Note that this will only work, if you forked your own copy of the boilerplate in GitHub and then git cloned that version.

Manually Creating a GitHub pages website.

So, what can you do if you didn't clone your own forked version of the course boilerplate, but just created the boilerplate manually as demonstrated at the beginning of the course?

First, you will need to ensure there is a base directive in your ./vite.config.js.

./vite.config.js

import { defineConfig } from 'vite'
import topLevelAwait from 'vite-plugin-top-level-await'

export default defineConfig({
  plugins: [topLevelAwait()],
  base: './',
})

The base directive is needed because GitHub pages will serve your content from a sub path in the URL, which will be the name as your repository. If you don't do this, you will get HTTP 404 errors when loading the assets.

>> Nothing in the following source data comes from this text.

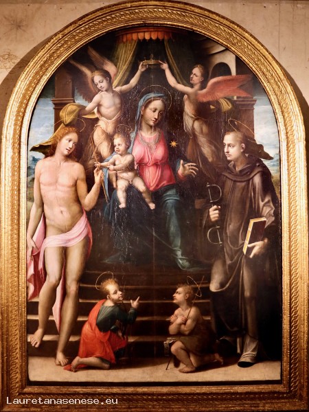 Riccio structured the scene with circular lines and rhythms, with the Madonna in a perfectly central position, seated on the throne hidden by the abundant draperies. The Child, typically Riccio, hands the spear to Saint Sebastian, while Saint Leonard, wearing a monk's habit, holds the book in one hand and the chains in the other, a symbol of his protection for all those unjustly imprisoned.
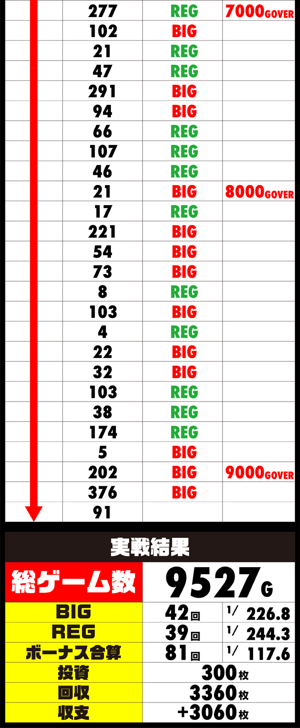 終盤までの通常時の消化ペースをみても、1万回転にとどかないと思えたが結果は…。
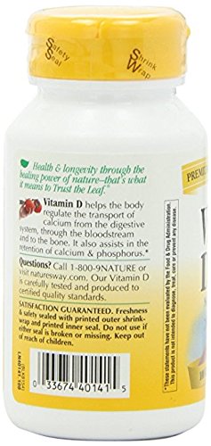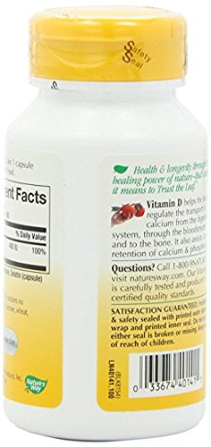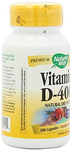 -. Binding : Health and Beauty -. Brand : Nature's Way -. EAN : 0033674401415 -. Feature : 0912980 -. Label : Natures Way -. LegalDisclaimer : Actual product packaging and materials may contain more and different information than what is shown on our website. We recommend that you do not rely solely on the information presented and that you always read labels, warnings, and directions before using or consuming a product. Please see our full disclaimer below. -. Manufacturer : Natures Way -. MPN : 58G -. PackageQuantity : 1 -. PartNumber : 58G -. ProductGroup : Health and Beauty -. ProductTypeName : HEALTH_PERSONAL_CARE -. Publisher : Natures Way -. Size : 100 CAP -. Studio : Natures Way -. Title : Nature'S Way Dry Vitamin D 400 Iu 100 Cap -. UPC : 033674401415
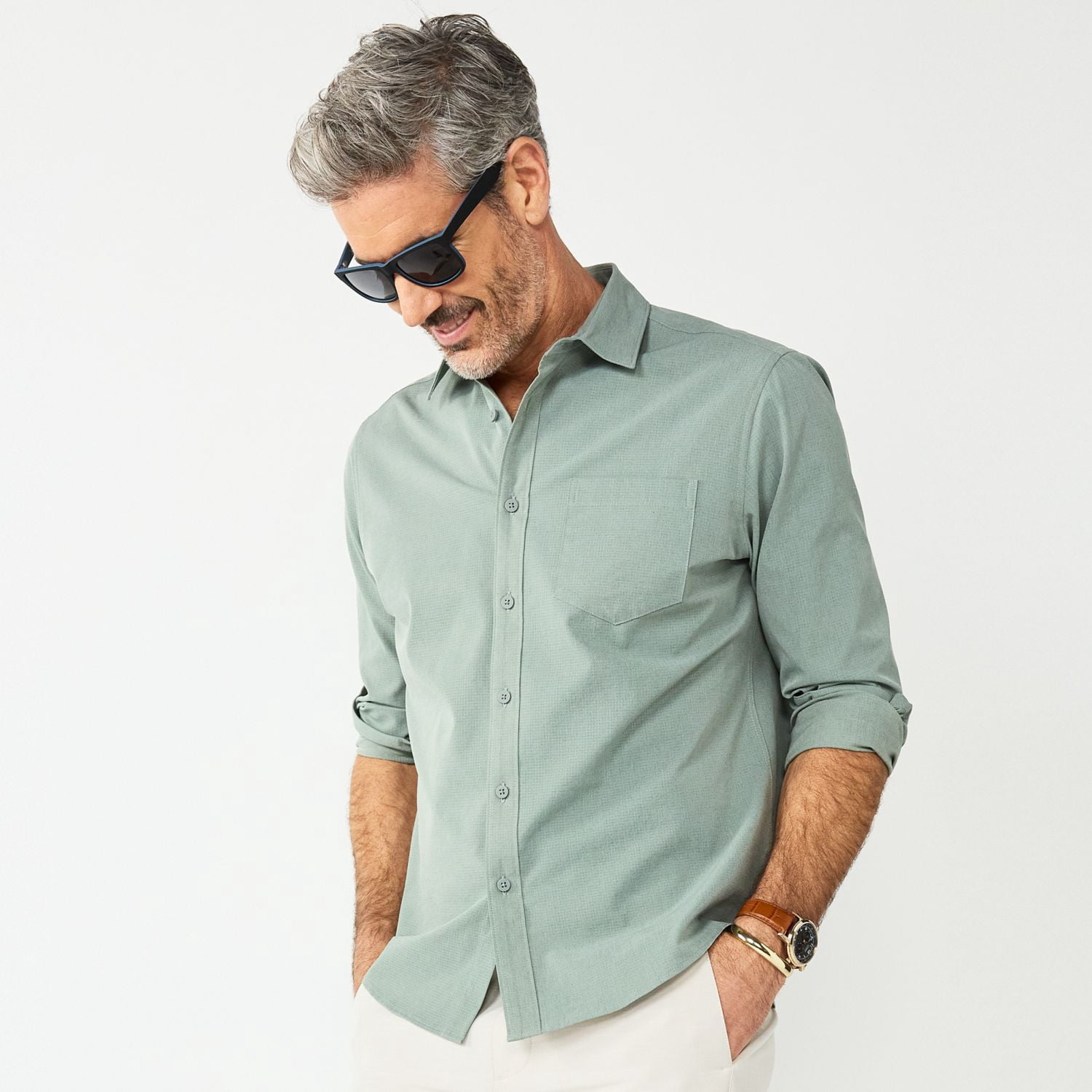 sage button down shirt
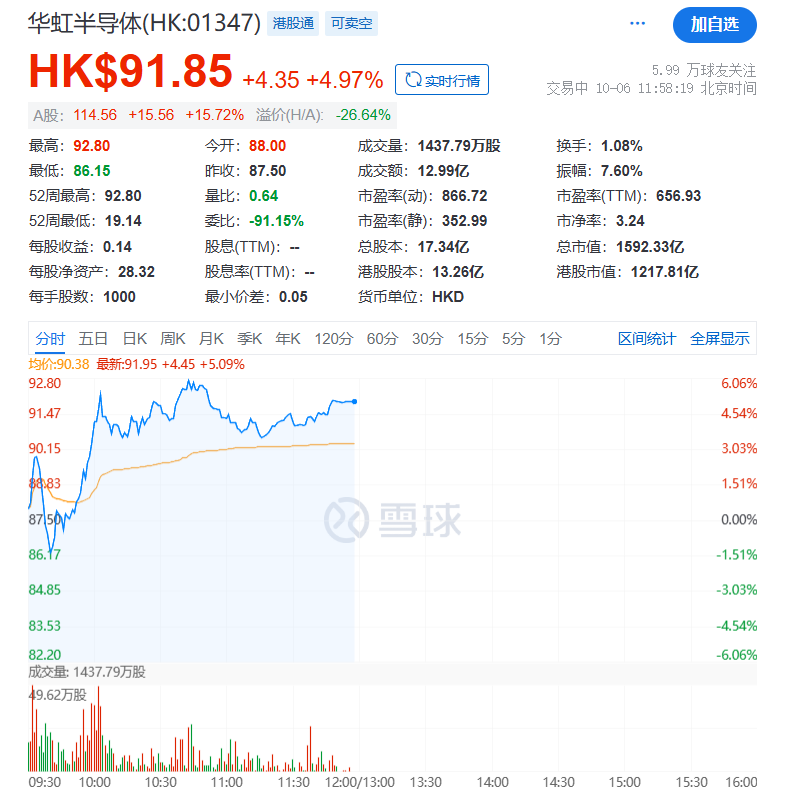 華虹半導(dǎo)體高開高走,盤中一度漲超6%,股價再創(chuàng)歷史新高,該股年內(nèi)大漲超320%。

Also ensure that any images and models loaded into your project, have the paths prefixed as, for example,

textureLoader.load('img/lensflare0.png') // ✓

or

textureLoader.load('./img/lensflare0.png') // ✓

but not this,

textureLoader.load('/img/lensflare0.png') // ✕

The first two options will load resources relative to the loaded HTML script, instead of relative to the web root. This is an important consideration when hosting on GitHub pages.

Next, run the build script again.

npm run build

Then preview in the browser to be sure it works.

npm run preview

Visit http://localhost:4173/

Now to log into your GitHub account and create a new repository using any name that you want.

E.g., My-Project.

Note that the name needs to conform to the following rules.

  • Max length 39 characters
  • Alphanumeric or hyphen (-)
  • Cannot start with a hyphen
  • No consecutive hyphens
  • Cannot be a reserved name
  • Unique for your account

Next, drag and drop the files and folders from your ./dist/ folder.

Finally, go to Settings/Pages and change Source to Branch: main and then select \root and then press the Save button.

After a few minutes, you will be able to view your application live on GitHub pages using the URL,

https://<your lowercase github username>.github.io/<name-of-your-new-repository>/

And this is the GitHub pages example created in the video,

My-Project : https://sean-bradley.github.io/My-Project/

Add gh-pages to existing repository

If you already have your own GitHub repository for your project, and building the production version works when previewing, you can add gh-pages to your existing project.

Note that your project already needs to be setup in GitHub, and you can successfully git pull and git push to your own repository.

In your project, install the gh-pages dependency.

npm install gh-pages --save-dev

Add a new script command to your package.json named deploy

{
...
  "scripts": {
    "dev": "vite",
    "build": "tsc && vite build",
    "preview": "vite preview",
    "deploy": "gh-pages -d ./dist"
  },
...

After building and previewing that it works from the ./dist/ folder,

You can deploy using gh-pages

npm run deploy

After a minute or two, your GitHub pages site will be live. View the Settings Pages section in your projects GitHub repository to verify the URL of your public GitHub pages web address.